Fashionable forties?
It’s ironic to think not many over-40s are seen walking the ramp at fashion weeks or in the advertising campaigns by fashion houses although they make up for a large chunk of buyers with their spending capacity.
Designer Raj Shroff explains what is considered aspirational and hence most commonly seen at the fashion circuits. “Brands and fashion houses work with what is aspirational for the masses. It’s the film stars and then sports celebrities. I make my own clients (a lot of whom are over 40s) walk the ramp at my city shows because I want to evoke a certain emotion. It’s better to have their energy on the ramp than professional models.”
The narrative is changing though. You don’t just fall off the fashion grid once you hit 40. Due to the democratising power of social media the number of mature fashion influencers are slowly on the rise.
Influencer and socialite Surekha Prahlad, 59, is organically gaining followers. “My page is meant to be a place where I chronicle, for myself, my moods, the colours that make my day, love for travel, my passion for Sarees, other garments, jewellery and the daily chapters that make my life. Every woman has an innate need for expression and her own sense of fashion. Mature women are just as fashionable though the definitions could be quite different.” She chirps with a child like enthusiasm.
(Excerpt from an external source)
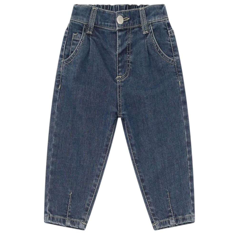 Jeans realizzati in denim blu, caratterizzati da vita elasticizzata, chiusura frontale con bottone a pressione e zip, due tasche laterali oblique e due tasche applicate sul retro. Sono decorati con placca logo in metallo applicata sul retro.

A few years ago, when actress Sai Pallavi did movies without make-up sporting her pimple flushed cheeks, she became an overnight sensation. More recently Neena Gupta’s Badhaai Ho was accepted well too. Isn’t it a cue that consumers are ready to have more real-like icons whom they connect to?
Rajeev Ravindranathan who is an actor himself and runs an advertising agency explains , “You’ll see a lot more video blogs, digital videos, opinion and review pieces, talks and presentations that feature older women. It takes quite some stamina and energy for a person to be omnipresent on so many mediums and multitasking on all of them at the same time. Therefore I think brands are automatically interested in speaking with these people, who tend to be younger. As a result, their role models and aspirational figures are also younger. Hence, if you’re talking about visual mediums, yes, older women (and men) are subject to a very real, though unspoken ageism.”
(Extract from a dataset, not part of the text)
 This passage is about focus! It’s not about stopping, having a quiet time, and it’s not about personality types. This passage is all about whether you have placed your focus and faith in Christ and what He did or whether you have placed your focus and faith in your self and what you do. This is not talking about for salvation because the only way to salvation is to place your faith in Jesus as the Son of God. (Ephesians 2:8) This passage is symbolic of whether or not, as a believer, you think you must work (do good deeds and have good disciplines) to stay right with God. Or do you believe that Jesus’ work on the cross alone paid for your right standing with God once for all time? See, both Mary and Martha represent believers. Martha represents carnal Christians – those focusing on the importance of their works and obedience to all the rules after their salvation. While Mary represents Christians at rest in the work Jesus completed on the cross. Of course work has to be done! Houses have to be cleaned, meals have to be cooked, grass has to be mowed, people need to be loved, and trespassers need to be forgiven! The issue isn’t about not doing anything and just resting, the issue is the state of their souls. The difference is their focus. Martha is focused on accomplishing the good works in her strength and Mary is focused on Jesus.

Looks like the fashion industry is still in love with all things youthful and is not very inclusive at the moment.
Author and 40-plus fashion blogger Kiran Manral implores “I would really like to see fashion and beauty brands confront and acknowledge the beauty and fierceness of the forty plus woman, something that no make up and styling can bring, something that comes with a life lived and experienced that adds beauty and depth to them.”
“I welcome brands to acknowledge and incorporate the forty plus woman into their marketing and advertising and not merely as an adjunct to the younger woman, but as subject all her own”, he concludes.